Chirac issues warning over headscarf ban

French President Jacques Chirac said on Wednesday anyone who defies a ban on headscarves and other religious headwear when state schools reopen in September could be prosecuted.

Chirac's warning followed an appeal for girls to defy the ban which was issued by the Union of French Islamic Organisations (UOIF), a Muslim fundamentalist organisation.

"If anyone is thinking of getting round or not taking any notice of the law, they will be putting themselves in the wrong and deserve to be punished or prosecuted," Chirac said in a television interview.

"We cannot accept that one organisation or another organisation which thinks it represents something in France can deliberately ignore or criticise the law...The law applies to everyone," he said.
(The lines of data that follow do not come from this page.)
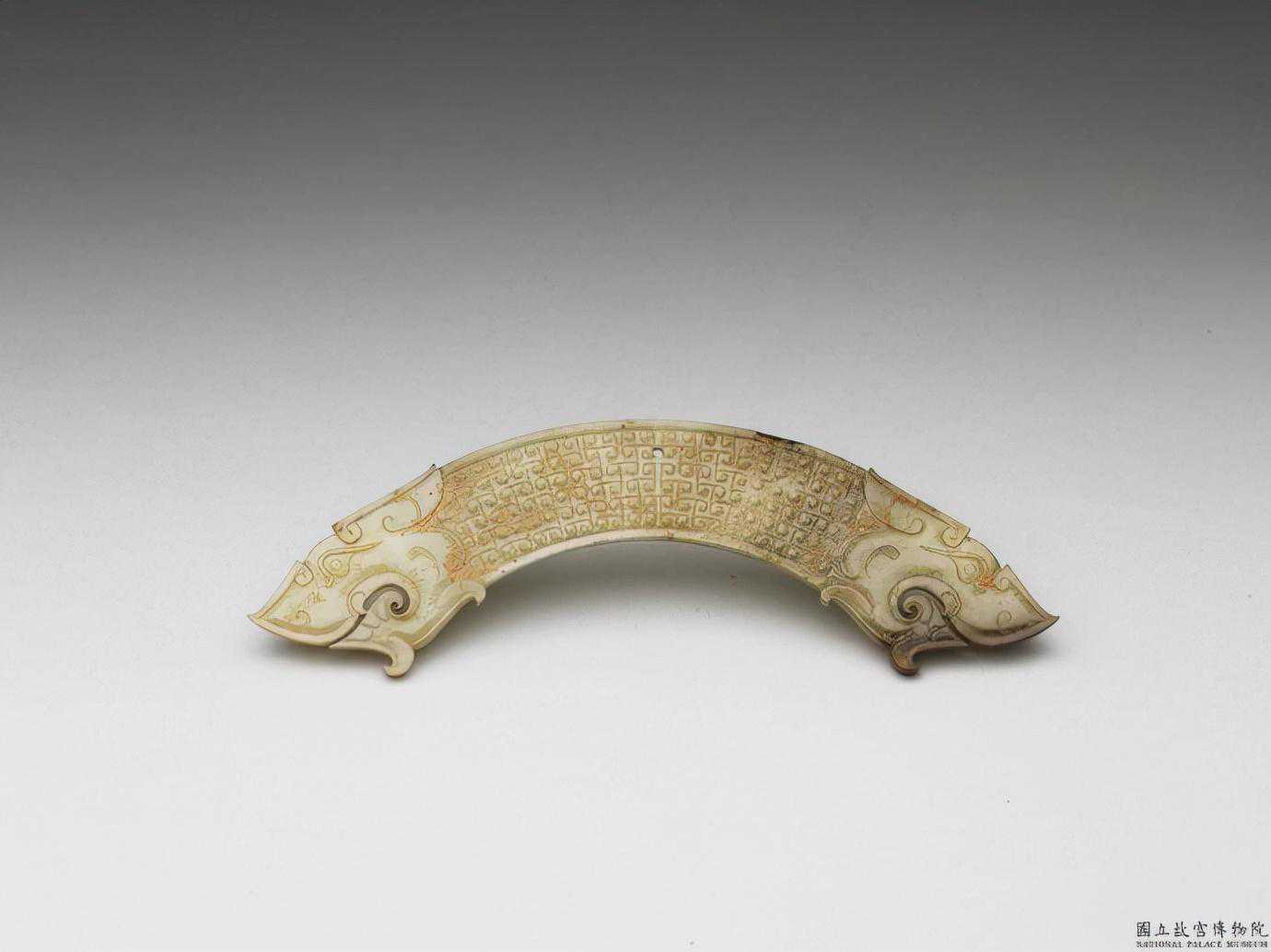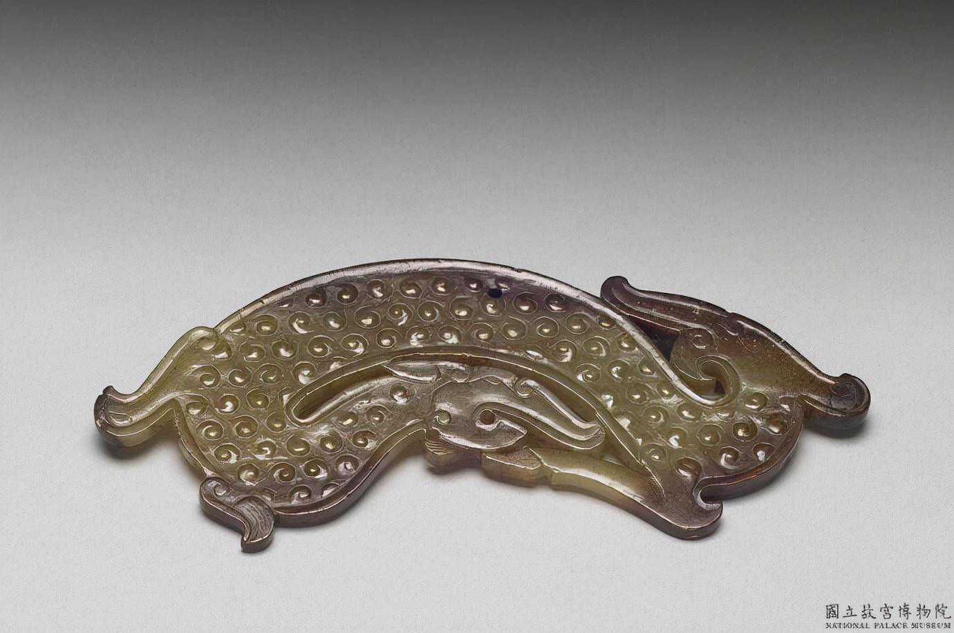 戰國龍紋璜。瑩透溫潤的青白玉,局部為帶褐斑。雕一片狀彎弧形璜,兩端雕龍頭,中段琢連續T字母形雲紋。為典型的戰國晚期風格。長18.6公分厚0.5公分。國立故宮博物院。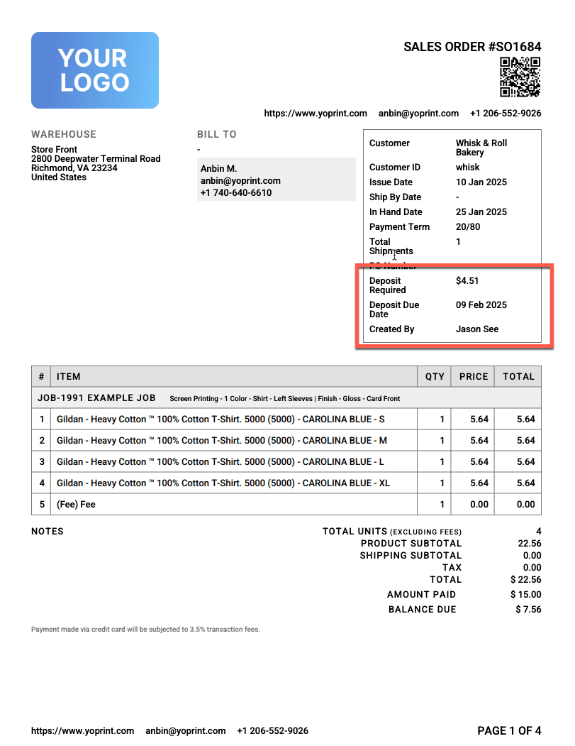Sales Order PDF: Added Missing Deposit & Created By Information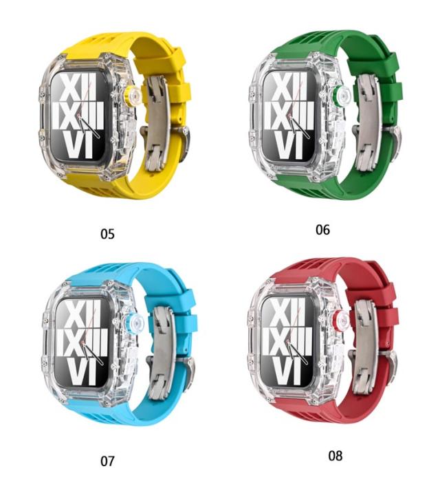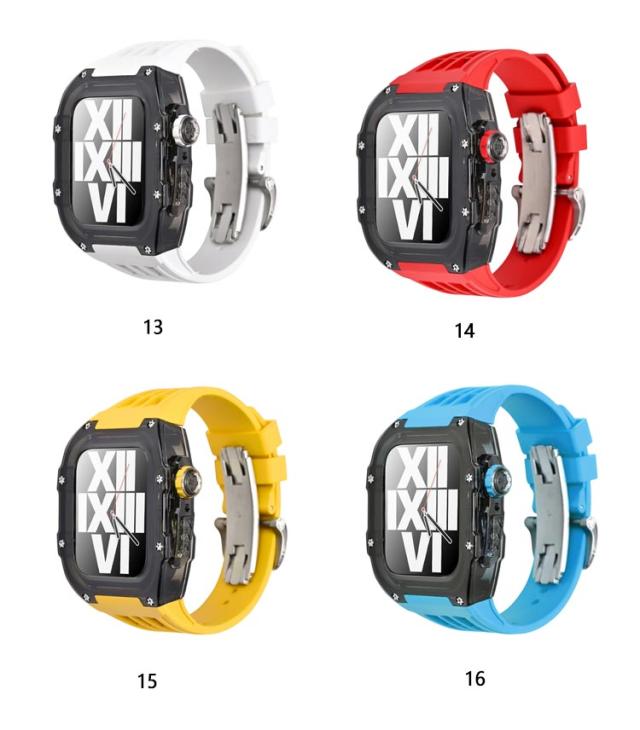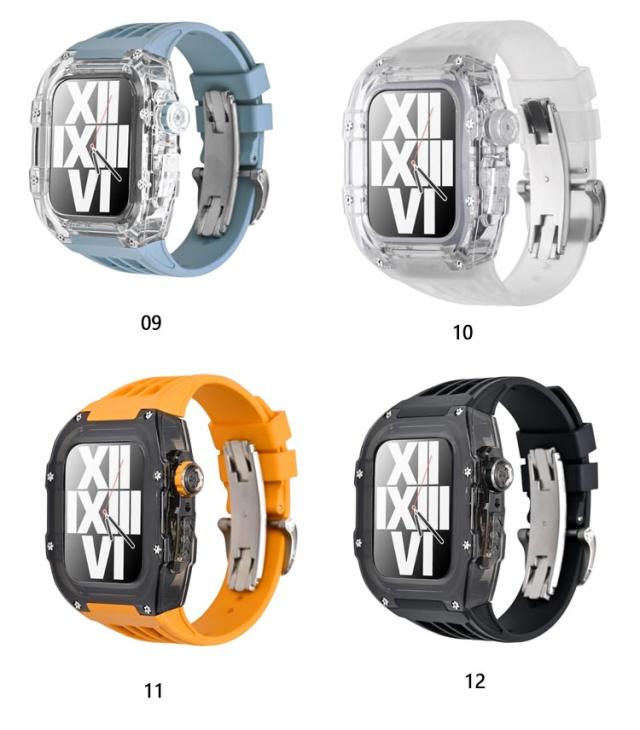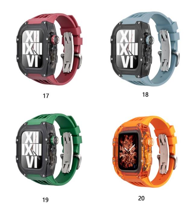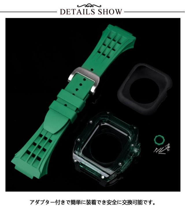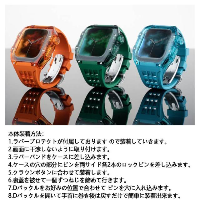 | アップルウォッチケースとアップルウォッチバンドの2点セットです。 カジュアルなアップルウォッチが上品で高級感のある腕時計のようになるケースベルトです。 半透明のアップルウォッチのケースも付いているのでオシャレのコーデが楽しめます。 ベルトは水に強いシリコン素材を使用。濡れたら乾いた布でさっと拭くだけ。汚れても水拭きできるので清潔感が保てます。 プライベートからオフィスシーンまで、シーンを選ばない優秀ベルト♪快適な着け心地をお楽しみください! アダプター付きで簡単に装着でき安全に交換可能です。 本体装着方法: 1.ラバーブロテクトが付属しております ので装着していきます。 2.画面に干渉しないように取り付けます。 3.ラバーバンドをケースに差し込みます。 4.ケースの穴の部分にピンを両サイド各2本のロックピンを差し込みます。 5.クラウンボタンに合わせて装着します。 6.裏蓋を被せて一個ずつねじを締めて行きます。 7.Dバックルをお好みの位置で合わせて ピンを穴に入れ込みます。 8.Dバックルを開いて手首に巻き後は戻すだけで簡単に装着出来ます。 | |

The conservative government says the ban will guarantee religious freedom by keeping all faiths out of state schools, and is intended to preserve the French principle of secularism.

But some of France's five million Muslims oppose the ban and the government fears it could provoke protests when school reopens in September after the summer holidays.

The UOIF says Muslim women should cover their hair as a religious duty and that it has advised girls to wear bandanas to school in September to get around the ban on headscarves.

Chirac also repeated calls for more vigilance against religious intolerance and racism in his interview marking Bastille Day, which commemorates the French Revolution of 1789.

Echoing an appeal he made last week, he said there was a "bad climate" and racist crimes were threatening social unity.

Chirac shrugged off criticism by the opposition Socialist Party that he reacted too quickly by condemning an incident last Friday in which a woman said she was attacked on a Paris suburban train by assailants who mistook her for a Jew.

The 23-year-old woman, who said six youths of Arab and African origin had daubed swastikas on her stomach, later said she had made up the incident and she and her companion have been taken into custody.

Chirac said he did not regret his quick reaction to the incident because racist attacks were on the rise.

"This is unacceptable," he said. "The current atmosphere... shows there is a big problem which must be treated first and foremost at the roots, in school, in children, to explain that they have equal rights and duties and must respect them."